These are excerpts from Scott G’s newsletter yesterday:

The most recent migration headlines concern Silicon Valley. The narrative: It sucks and everyone is leaving. Venture capitalists who built their fortunes in the Valley say they’re “over” it. The Bay Area is “crashing” and has become “unhinged” with wokeness. “San Francisco is Detroit and Miami is the future,” claimed a recent VC transplant. Elon Musk relocated Tesla from California to Texas, saying California state laws were “fascist.” Newspapers across the country report on a “tech exodus,” with quotes and anecdotes from aggrieved tech workers. California’s dead. (So is New York.) Tech’s moving to Texas and Florida, and the money will follow.

We’ve been to this movie before — it’s called bullshit. In 2005, Silicon Valley was losing its edge and hemorrhaging jobs. In 2009 it was shrinking, on the brink of death. In 2010 it was on the brink of death again. In 2012 the Golden Age of the Valley was over. In 2014, San Francisco was declared the next Detroit. However, the next Detroit has HQs within a 15 mile radius whose combined market caps rival the GDP of Germany and Japan combined. I know, apples/oranges … both are fruit. You get the idea.

Ninety-seven percent of startups stayed in the Bay Area in 2020. Of the 1.2% that moved, a fifth went somewhere else in California, and another fifth went to New York. The Valley still dominates the startup scene. Last year firms domiciled in the Bay Area received over a third of total U.S. venture capital funding. Austin and Miami received 1.5% and 1.4%, respectively — less than Seattle, Philadelphia, or D.C. I don’t believe a city can sustain a robust technology sector unless it has a world-class engineering school (e.g., Berkeley, Stanford, etc.). Also, declining quality of life and overwhelmed infrastructure is an apt descriptor of … Miami. And Miami’s population actually declined in 2021.

The tech exodus narrative is a distraction. The real domestic migration trend is…..less migration. Specifically, people aren’t moving. In 1948 roughly a fifth of Americans changed residences. That number has been steadily declining since. During the pandemic, we read opinion pieces about everyone quitting their job and moving to Maine. There was a feeling that migration habits were changing; in reality the song remains (increasingly) the same. In 2021, only 8.4% of Americans moved — an all-time low.

It’s been happening for several decades, though nobody can figure out why. An aging population and a younger cohort described as the “complacent generation” are factors, but there must be more.
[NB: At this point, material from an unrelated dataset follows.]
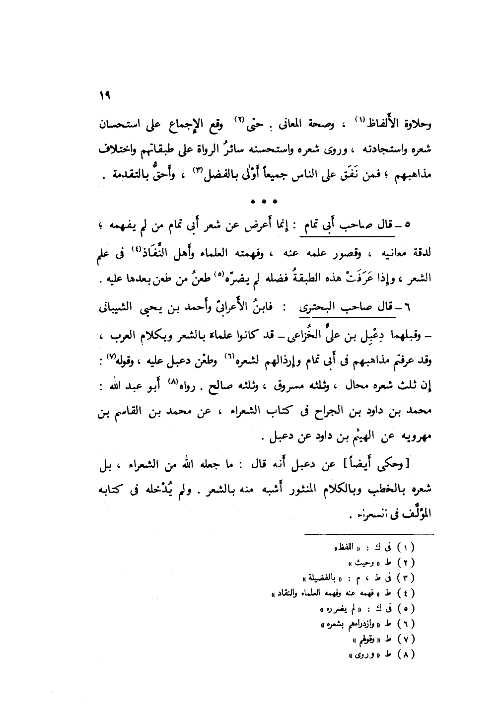 6 - قال صاحب البحتري: إن ابن الأعرابي وأحمد بن يحيى الشيباني - وقبلهما دعبل بن علي الخزاعي - قد كانوا علماء بالشعر وكلام العرب، وقد علمتم مذاهبهم في أبي تمام، وازدراءهم بشعره، وطعن دعبل عليه، وقوله: إن ثلث شعره محالن وثلثه مسروق، وثلثه صالح. وروى أبو عبد الله محمد بن داةد بن الجراح في كتاب الشعراء عن محمد بن القاسم بن مهرويه عن الهيثم بن داود عن دعبل أنه قال: ما جعله الله من الشعراء، بل شعره بالخطب والكلام المنثور أشبه منه بالشعر، ولم يدخله في كتابه المؤلف في الشعراء.

Lack of portable health care and a decline in the lifestyle once sought in the West could also be explainers. My theory is that, like everything else, mobility has become a luxury item costs can only be borne by college grads (who are themselves increasingly anchored by student loan debt).

The problem isn’t that a tech Karen is leaving the Bay Area, it’s that not enough people are leaving any area. “Remote Work” should be called “Work from Home” as it’s decreasingly remote, just at home. Six in 10 people who move stay within their county; eight in 10 stay in-state.